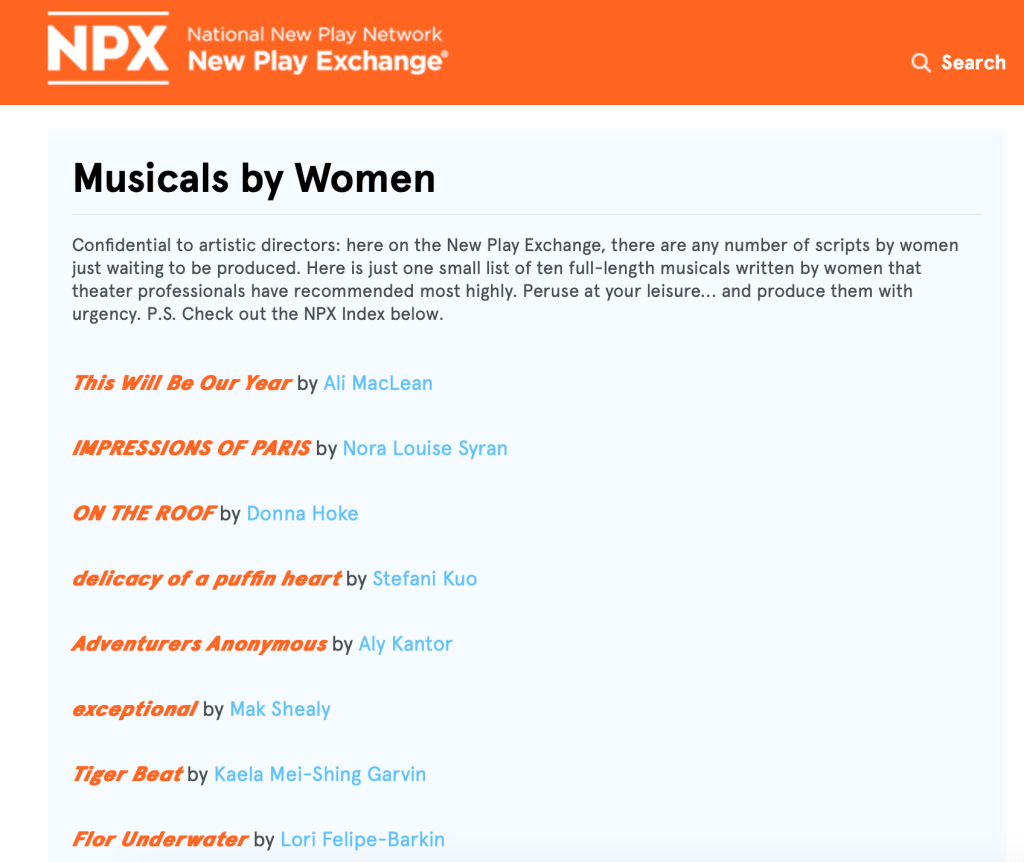 Confidential to artistic directors: here on the New Play Exchange, there are any number of scripts by women just waiting to be produced. Here is just one small list of ten full-length musicals written by women that theater professionals have recommended most highly. Peruse at your leisure… and produce them with urgency. P.S. Check out the NPX Index below.
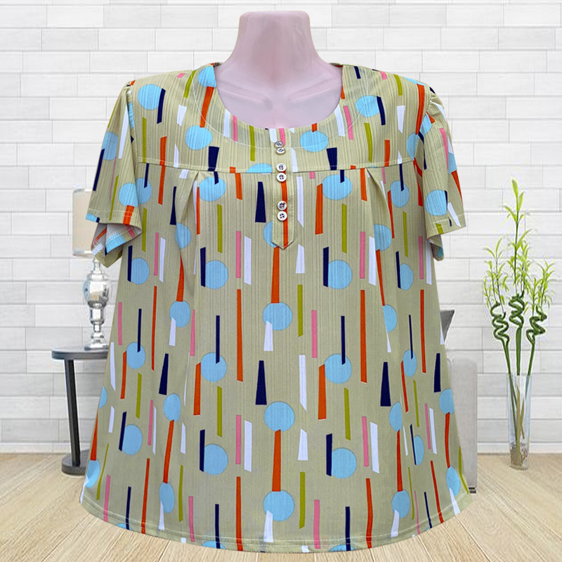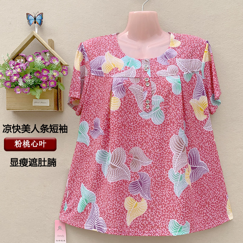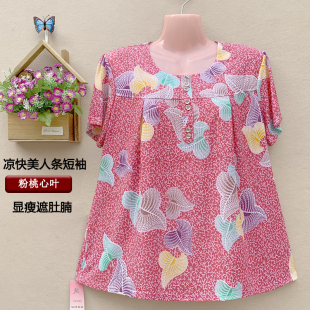 上衣胖太太200斤T恤花衫 中老年女装 加肥加大短袖 妈妈夏装 宽松 大码
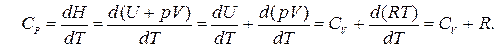 Установим взаимосвязь между Cp и СV для 1 моль идеального газа. В соответствии с уравнением Менделеева-Клапейрона (1.1)
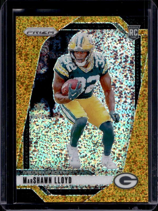 The MarShawn Lloyd 2024 Prizm #374 Gold Sparkle /24 Rookie card is 1 of 113 MarShawn Lloyd's card variations in the 2024 Prizm set being tracked by Sports Card Investor, including Base, Choice Blue Yellow Green, Choice Silver, Disco, and Green.
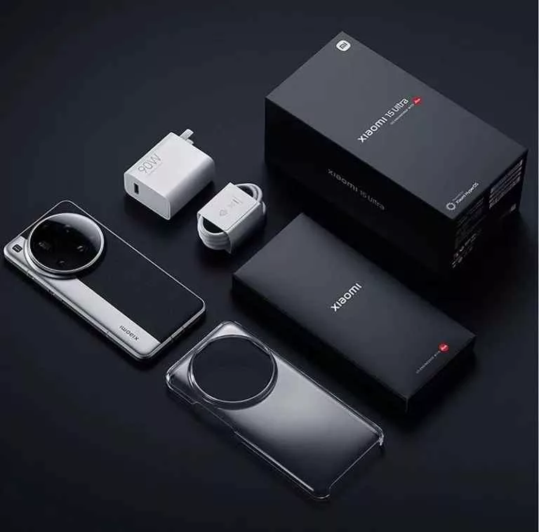 - شیائومی 15 اولترا: آداپتور شارژ سریع ۹۰ وات، کابل USB-A به USB-C، قاب سیلیکونی، سوزن سیمکارت.
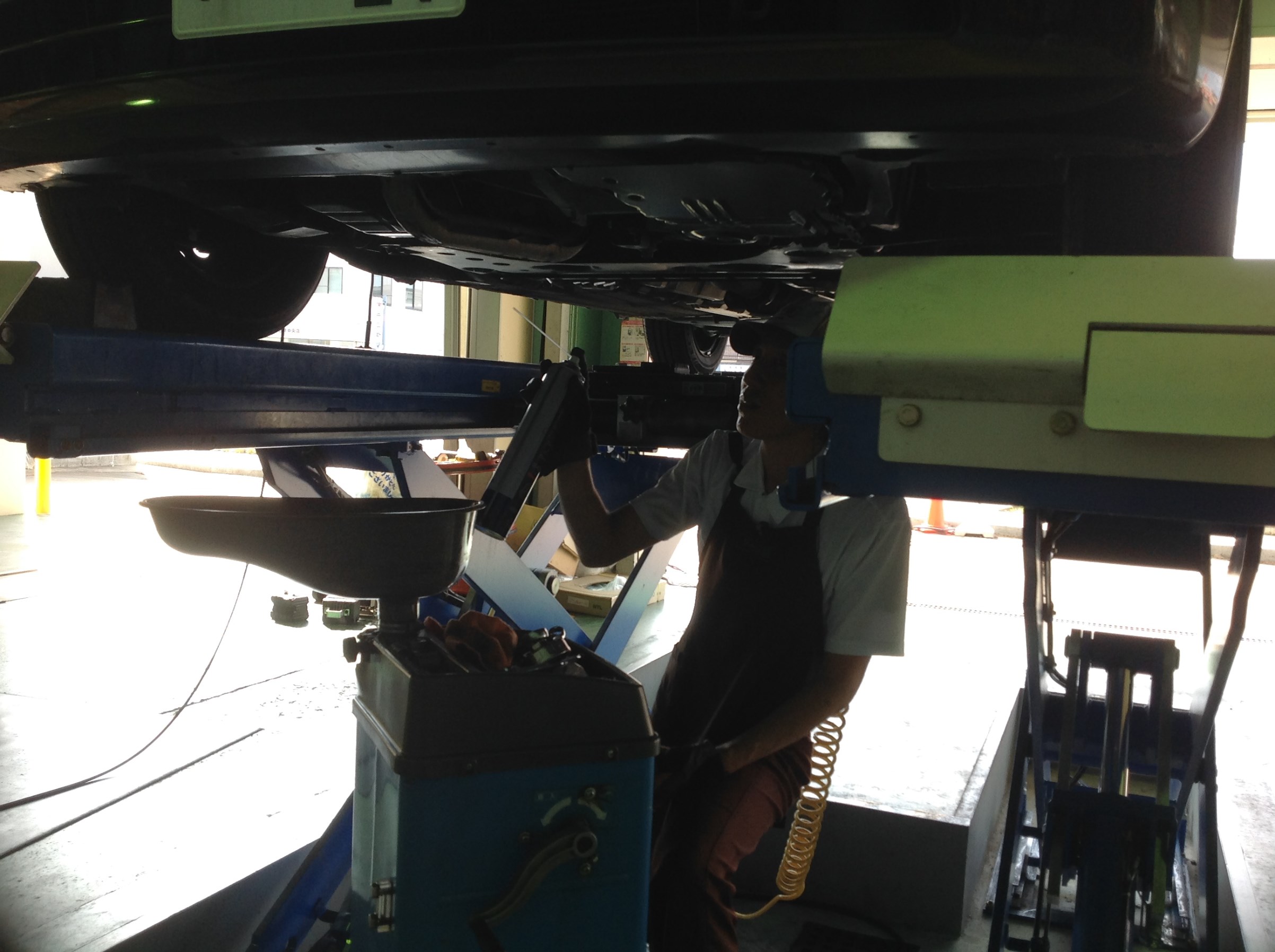 当店でのオイル交換は、ほとんどのお車で下からオイルを抜きます。

•••••

→ **Task prompt**: Copy out exactly the lines from the one with "The MarShawn Lloyd" through the end of the listing, both ends included, omitting any picture.

→ **Task response**:
 The MarShawn Lloyd 2024 Prizm #374 Gold Sparkle /24 Rookie card is 1 of 113 MarShawn Lloyd's card variations in the 2024 Prizm set being tracked by Sports Card Investor, including Base, Choice Blue Yellow Green, Choice Silver, Disco, and Green.
 - شیائومی 15 اولترا: آداپتور شارژ سریع ۹۰ وات، کابل USB-A به USB-C، قاب سیلیکونی، سوزن سیمکارت.
 当店でのオイル交換は、ほとんどのお車で下からオイルを抜きます。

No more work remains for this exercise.